— Task requirements —
Write out again, exactly, the lines of the listing below from the first one through the one that contains "Slow cooked corned", and no other lines.

— Source material —
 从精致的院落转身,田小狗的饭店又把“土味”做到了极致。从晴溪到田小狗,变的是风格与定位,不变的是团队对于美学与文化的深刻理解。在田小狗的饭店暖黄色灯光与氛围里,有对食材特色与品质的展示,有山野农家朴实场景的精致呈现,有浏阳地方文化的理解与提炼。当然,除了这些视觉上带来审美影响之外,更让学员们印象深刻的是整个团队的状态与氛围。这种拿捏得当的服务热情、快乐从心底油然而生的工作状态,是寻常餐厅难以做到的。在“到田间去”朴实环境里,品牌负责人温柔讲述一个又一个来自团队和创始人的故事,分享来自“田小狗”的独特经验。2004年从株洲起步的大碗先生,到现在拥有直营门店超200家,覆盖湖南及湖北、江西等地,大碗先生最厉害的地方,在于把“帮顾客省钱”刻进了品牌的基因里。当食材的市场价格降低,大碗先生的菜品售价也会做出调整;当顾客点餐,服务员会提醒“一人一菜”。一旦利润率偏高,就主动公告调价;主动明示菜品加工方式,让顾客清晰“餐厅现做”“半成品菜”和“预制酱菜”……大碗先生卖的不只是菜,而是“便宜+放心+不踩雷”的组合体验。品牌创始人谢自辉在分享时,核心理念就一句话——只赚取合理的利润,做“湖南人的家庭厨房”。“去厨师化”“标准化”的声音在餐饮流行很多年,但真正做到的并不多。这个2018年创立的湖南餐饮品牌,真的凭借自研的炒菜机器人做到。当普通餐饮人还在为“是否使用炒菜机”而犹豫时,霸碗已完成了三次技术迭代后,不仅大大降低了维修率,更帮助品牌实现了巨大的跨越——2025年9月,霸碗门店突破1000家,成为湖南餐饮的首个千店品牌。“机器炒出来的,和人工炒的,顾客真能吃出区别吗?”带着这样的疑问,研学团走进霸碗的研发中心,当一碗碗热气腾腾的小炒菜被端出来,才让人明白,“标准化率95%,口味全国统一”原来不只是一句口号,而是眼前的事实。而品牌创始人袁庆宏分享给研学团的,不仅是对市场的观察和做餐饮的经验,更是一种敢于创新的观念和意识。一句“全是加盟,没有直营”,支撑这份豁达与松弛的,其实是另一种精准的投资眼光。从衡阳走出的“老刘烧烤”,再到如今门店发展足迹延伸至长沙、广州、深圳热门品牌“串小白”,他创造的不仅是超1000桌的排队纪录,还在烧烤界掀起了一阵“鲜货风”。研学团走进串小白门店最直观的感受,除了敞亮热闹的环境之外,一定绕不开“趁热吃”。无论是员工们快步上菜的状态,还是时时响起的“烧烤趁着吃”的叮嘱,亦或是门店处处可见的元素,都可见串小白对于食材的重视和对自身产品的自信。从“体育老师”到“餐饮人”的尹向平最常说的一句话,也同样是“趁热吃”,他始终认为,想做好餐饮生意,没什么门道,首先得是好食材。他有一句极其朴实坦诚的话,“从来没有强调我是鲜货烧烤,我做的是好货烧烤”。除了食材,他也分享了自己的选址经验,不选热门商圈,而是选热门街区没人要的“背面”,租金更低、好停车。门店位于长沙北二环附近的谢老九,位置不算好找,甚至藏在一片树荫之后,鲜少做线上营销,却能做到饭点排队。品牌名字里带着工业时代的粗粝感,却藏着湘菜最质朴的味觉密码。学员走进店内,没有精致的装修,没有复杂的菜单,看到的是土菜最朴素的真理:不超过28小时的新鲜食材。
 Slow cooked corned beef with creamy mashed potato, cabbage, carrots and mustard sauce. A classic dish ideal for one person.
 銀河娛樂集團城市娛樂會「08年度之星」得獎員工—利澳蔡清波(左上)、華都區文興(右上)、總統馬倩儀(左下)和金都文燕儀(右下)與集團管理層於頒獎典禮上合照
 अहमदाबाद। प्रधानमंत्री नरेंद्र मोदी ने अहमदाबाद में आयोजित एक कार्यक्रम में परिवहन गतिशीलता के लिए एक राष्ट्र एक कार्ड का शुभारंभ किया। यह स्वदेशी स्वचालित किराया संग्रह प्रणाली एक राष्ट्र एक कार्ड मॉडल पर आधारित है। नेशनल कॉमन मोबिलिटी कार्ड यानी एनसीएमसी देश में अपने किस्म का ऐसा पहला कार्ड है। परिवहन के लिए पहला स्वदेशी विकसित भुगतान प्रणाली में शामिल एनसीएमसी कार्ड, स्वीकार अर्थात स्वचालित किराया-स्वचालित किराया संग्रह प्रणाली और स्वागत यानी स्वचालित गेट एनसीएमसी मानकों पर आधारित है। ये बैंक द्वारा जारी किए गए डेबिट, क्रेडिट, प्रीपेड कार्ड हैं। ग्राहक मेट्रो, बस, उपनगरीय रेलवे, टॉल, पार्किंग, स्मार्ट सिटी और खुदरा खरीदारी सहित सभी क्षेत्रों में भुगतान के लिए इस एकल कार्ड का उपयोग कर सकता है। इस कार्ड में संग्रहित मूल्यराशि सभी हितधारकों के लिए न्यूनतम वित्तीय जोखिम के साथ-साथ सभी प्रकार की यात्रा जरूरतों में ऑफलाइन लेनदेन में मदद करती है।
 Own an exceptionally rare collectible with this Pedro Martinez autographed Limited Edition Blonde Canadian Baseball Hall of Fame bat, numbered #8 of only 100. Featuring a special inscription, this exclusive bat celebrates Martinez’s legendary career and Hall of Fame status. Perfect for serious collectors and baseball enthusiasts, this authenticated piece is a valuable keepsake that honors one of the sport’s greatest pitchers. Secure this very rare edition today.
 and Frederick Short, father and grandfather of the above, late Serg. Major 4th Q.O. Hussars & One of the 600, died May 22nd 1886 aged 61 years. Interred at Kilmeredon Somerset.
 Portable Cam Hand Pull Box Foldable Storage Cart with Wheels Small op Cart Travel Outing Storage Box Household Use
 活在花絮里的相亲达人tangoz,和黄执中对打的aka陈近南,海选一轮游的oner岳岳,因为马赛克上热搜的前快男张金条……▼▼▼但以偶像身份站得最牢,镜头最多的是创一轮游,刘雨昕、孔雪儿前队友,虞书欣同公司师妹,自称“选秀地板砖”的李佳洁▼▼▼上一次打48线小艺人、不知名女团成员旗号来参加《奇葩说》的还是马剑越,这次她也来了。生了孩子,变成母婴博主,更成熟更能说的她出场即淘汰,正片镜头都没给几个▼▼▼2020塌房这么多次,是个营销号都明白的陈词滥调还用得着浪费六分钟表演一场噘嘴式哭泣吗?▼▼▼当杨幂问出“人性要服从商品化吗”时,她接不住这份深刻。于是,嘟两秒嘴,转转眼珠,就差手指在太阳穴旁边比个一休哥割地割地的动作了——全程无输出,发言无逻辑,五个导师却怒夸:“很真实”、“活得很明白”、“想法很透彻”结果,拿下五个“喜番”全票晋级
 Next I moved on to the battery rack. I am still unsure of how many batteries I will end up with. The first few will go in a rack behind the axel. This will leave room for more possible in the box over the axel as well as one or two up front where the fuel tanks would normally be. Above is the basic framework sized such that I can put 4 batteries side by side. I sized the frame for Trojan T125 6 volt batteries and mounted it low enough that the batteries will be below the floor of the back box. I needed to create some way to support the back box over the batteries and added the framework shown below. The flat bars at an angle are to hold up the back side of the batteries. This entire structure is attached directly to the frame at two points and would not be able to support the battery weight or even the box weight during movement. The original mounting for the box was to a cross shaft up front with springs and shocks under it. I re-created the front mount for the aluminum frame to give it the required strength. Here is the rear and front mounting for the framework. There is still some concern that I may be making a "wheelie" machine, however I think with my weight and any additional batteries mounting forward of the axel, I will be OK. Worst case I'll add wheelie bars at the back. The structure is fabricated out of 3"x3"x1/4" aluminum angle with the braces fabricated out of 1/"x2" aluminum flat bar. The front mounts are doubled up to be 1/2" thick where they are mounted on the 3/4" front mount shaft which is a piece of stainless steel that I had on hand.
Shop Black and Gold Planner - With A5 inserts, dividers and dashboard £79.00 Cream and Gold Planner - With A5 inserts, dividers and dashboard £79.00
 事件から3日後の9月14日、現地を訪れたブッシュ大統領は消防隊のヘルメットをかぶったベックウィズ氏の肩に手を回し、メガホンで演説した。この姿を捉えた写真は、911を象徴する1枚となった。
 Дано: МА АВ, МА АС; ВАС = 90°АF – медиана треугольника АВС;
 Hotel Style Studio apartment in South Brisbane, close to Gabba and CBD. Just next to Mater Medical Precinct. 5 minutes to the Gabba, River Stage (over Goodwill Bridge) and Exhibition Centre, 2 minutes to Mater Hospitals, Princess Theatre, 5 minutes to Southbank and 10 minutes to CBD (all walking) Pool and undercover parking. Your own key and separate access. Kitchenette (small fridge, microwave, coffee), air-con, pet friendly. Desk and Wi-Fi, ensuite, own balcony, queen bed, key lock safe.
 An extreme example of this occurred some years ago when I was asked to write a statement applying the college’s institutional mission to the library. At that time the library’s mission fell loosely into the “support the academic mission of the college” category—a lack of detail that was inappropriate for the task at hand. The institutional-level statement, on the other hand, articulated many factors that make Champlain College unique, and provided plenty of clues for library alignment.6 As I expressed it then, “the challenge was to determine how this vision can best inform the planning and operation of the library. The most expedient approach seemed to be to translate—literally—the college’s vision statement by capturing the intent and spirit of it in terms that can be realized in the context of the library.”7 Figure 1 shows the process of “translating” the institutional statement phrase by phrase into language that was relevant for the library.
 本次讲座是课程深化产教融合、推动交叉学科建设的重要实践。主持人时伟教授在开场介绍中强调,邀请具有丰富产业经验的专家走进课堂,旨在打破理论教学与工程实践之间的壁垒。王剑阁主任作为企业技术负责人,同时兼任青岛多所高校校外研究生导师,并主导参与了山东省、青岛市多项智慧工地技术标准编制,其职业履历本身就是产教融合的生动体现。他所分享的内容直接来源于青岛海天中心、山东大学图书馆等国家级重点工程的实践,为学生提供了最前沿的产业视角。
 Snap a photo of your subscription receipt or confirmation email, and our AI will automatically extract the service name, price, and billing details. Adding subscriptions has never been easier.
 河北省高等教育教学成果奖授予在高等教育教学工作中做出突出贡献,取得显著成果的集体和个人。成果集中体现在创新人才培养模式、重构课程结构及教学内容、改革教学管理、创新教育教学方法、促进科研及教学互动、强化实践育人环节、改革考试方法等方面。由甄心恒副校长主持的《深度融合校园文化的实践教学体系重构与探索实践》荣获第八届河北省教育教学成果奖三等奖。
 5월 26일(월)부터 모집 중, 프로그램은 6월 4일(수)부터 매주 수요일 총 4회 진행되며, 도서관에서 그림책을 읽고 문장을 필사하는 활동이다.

— Task result —
 从精致的院落转身,田小狗的饭店又把“土味”做到了极致。从晴溪到田小狗,变的是风格与定位,不变的是团队对于美学与文化的深刻理解。在田小狗的饭店暖黄色灯光与氛围里,有对食材特色与品质的展示,有山野农家朴实场景的精致呈现,有浏阳地方文化的理解与提炼。当然,除了这些视觉上带来审美影响之外,更让学员们印象深刻的是整个团队的状态与氛围。这种拿捏得当的服务热情、快乐从心底油然而生的工作状态,是寻常餐厅难以做到的。在“到田间去”朴实环境里,品牌负责人温柔讲述一个又一个来自团队和创始人的故事,分享来自“田小狗”的独特经验。2004年从株洲起步的大碗先生,到现在拥有直营门店超200家,覆盖湖南及湖北、江西等地,大碗先生最厉害的地方,在于把“帮顾客省钱”刻进了品牌的基因里。当食材的市场价格降低,大碗先生的菜品售价也会做出调整;当顾客点餐,服务员会提醒“一人一菜”。一旦利润率偏高,就主动公告调价;主动明示菜品加工方式,让顾客清晰“餐厅现做”“半成品菜”和“预制酱菜”……大碗先生卖的不只是菜,而是“便宜+放心+不踩雷”的组合体验。品牌创始人谢自辉在分享时,核心理念就一句话——只赚取合理的利润,做“湖南人的家庭厨房”。“去厨师化”“标准化”的声音在餐饮流行很多年,但真正做到的并不多。这个2018年创立的湖南餐饮品牌,真的凭借自研的炒菜机器人做到。当普通餐饮人还在为“是否使用炒菜机”而犹豫时,霸碗已完成了三次技术迭代后,不仅大大降低了维修率,更帮助品牌实现了巨大的跨越——2025年9月,霸碗门店突破1000家,成为湖南餐饮的首个千店品牌。“机器炒出来的,和人工炒的,顾客真能吃出区别吗?”带着这样的疑问,研学团走进霸碗的研发中心,当一碗碗热气腾腾的小炒菜被端出来,才让人明白,“标准化率95%,口味全国统一”原来不只是一句口号,而是眼前的事实。而品牌创始人袁庆宏分享给研学团的,不仅是对市场的观察和做餐饮的经验,更是一种敢于创新的观念和意识。一句“全是加盟,没有直营”,支撑这份豁达与松弛的,其实是另一种精准的投资眼光。从衡阳走出的“老刘烧烤”,再到如今门店发展足迹延伸至长沙、广州、深圳热门品牌“串小白”,他创造的不仅是超1000桌的排队纪录,还在烧烤界掀起了一阵“鲜货风”。研学团走进串小白门店最直观的感受,除了敞亮热闹的环境之外,一定绕不开“趁热吃”。无论是员工们快步上菜的状态,还是时时响起的“烧烤趁着吃”的叮嘱,亦或是门店处处可见的元素,都可见串小白对于食材的重视和对自身产品的自信。从“体育老师”到“餐饮人”的尹向平最常说的一句话,也同样是“趁热吃”,他始终认为,想做好餐饮生意,没什么门道,首先得是好食材。他有一句极其朴实坦诚的话,“从来没有强调我是鲜货烧烤,我做的是好货烧烤”。除了食材,他也分享了自己的选址经验,不选热门商圈,而是选热门街区没人要的“背面”,租金更低、好停车。门店位于长沙北二环附近的谢老九,位置不算好找,甚至藏在一片树荫之后,鲜少做线上营销,却能做到饭点排队。品牌名字里带着工业时代的粗粝感,却藏着湘菜最质朴的味觉密码。学员走进店内,没有精致的装修,没有复杂的菜单,看到的是土菜最朴素的真理:不超过28小时的新鲜食材。
 Slow cooked corned beef with creamy mashed potato, cabbage, carrots and mustard sauce. A classic dish ideal for one person.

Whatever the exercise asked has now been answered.